The MoCCA Festival has always been a show people enjoyed and attended for the energy and opportunity to support the less-mainstream comics and creators, but the event was always found lacking in one way or another. Perhaps the most infamous example being the 2009 show, when the heat at the show’s venue — The 69th Regiment Armory — ruined the mood. This year, under the new management of the Society of Illustrators, it looked and felt like a new show, from the time you first stepped in the door.

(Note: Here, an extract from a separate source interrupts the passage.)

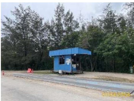
ภาพที่ 2.2-29 พื้นที่ซังน้ำหนักรถบรรทุก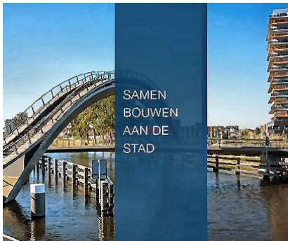
Voorkant van het coalitieakkoord

The badges were illustrated by Brandon Graham, with different designs depending on which type of badge one had, while the artwork on the poster, program and banners was by Michael DeForge. While the Armory used to be an open space, now it was separated into aisles by red curtains, marked with banners and tables covered with black table clothes. There were fewer aisles, but they were wider and shorter, and the effort put into making the space look visually pleasing and dynamic was noticable.
It wasn’t simply about dressing up the area, though. There was a cafe, which was nothing special, but it was a nice addition, offering space for sitting down so people could relax without leaving the building. The highlight of the changes had to be the art exhibition. Dozens of pieces of artwork were on display, from past masters and the show’s guests of honor, Bill Griffith and Jillian Tamaki.
The Society’s efforts managed to change more than a few minds about the festival. Executive director Anelle Miller has mended fences and built new relationships, making it clear why she’s developed such a good reputation since she took the helm at the Society in 2007. The Society’s two major exhibitions right now are Bill Griffith and Harvey Kurtzman, and it’s gone all out on not just assembling a great exhibit of Kurtzman’s work, but promoting it as both an important educational and artistic opportunity.
One of this year’s changes was the establishment of the MoCCA Arts Festival Awards of Excellence, which was aimed at honoring young cartoonists handmaking or self-publishing new work. The panel composed of Karen Beger, Gary Groth, Nora Krug, Paul Pope and David Mazzuchelli selected Simon Arizpe, Greg Benton, Kim Ku, Jane Mai, Nick Offerman, Kenan Rubenstein, and Andrea Tsurumi. If the award and recognition alone weren’t enough, every winning artist’s work will be on display at the Society from May 21 to June 6.
Benton’s book “B+F: Book One” was declared by many people to be the book of the show, but a number of publishers and cartoonists debuted notable works at the festival. Ben Katchor, Darryl Cunningham, Bob Fingerman, Miriam Katin, Lucy Knisley, Peter Kuper, James Romberger and Marguerite Van Cook and many others were there with new and recent books.
That’s not to say that there were no controversies. Before the festival, a number of people were complaining about the table prices. Some objected to the fact that there would be an award attached to the show and the eligibility requirements. As with any show, there are always some annoyances like crowded aisles and people — including this reporter — who held conversations where people were trying to walk.
One of the joys of MoCCA has always been that it’s in New York and attracts such a wide range of people, both from inside and outside the city. Panels this year included people like Paul Levitz and Peter Kuper, Arnold Roth and Bill Plympton, Denny O’Neil and Bob Fingerman. It attracts people who aren’t exhibiting but will wander the aisles in search of new comics and old friends. It’s an opportunity to see a famous cartoonist pass and debate whether to say something to them.
It was hard not to enjoy the show and feel optimistic about its future. More than one person joked that this might be the first MoCCA show where no one has anything to complain about. Independent comics can be a tough business, and for a show like this, one of the most important aspects can be social. It offers a chance to meet people, to find new work, but also to establish that there is an interest in and passion for doing work that’s different. The Society of Illustrators did a lot to foster that sense of community over the weekend. It should be interesting to see what they do next.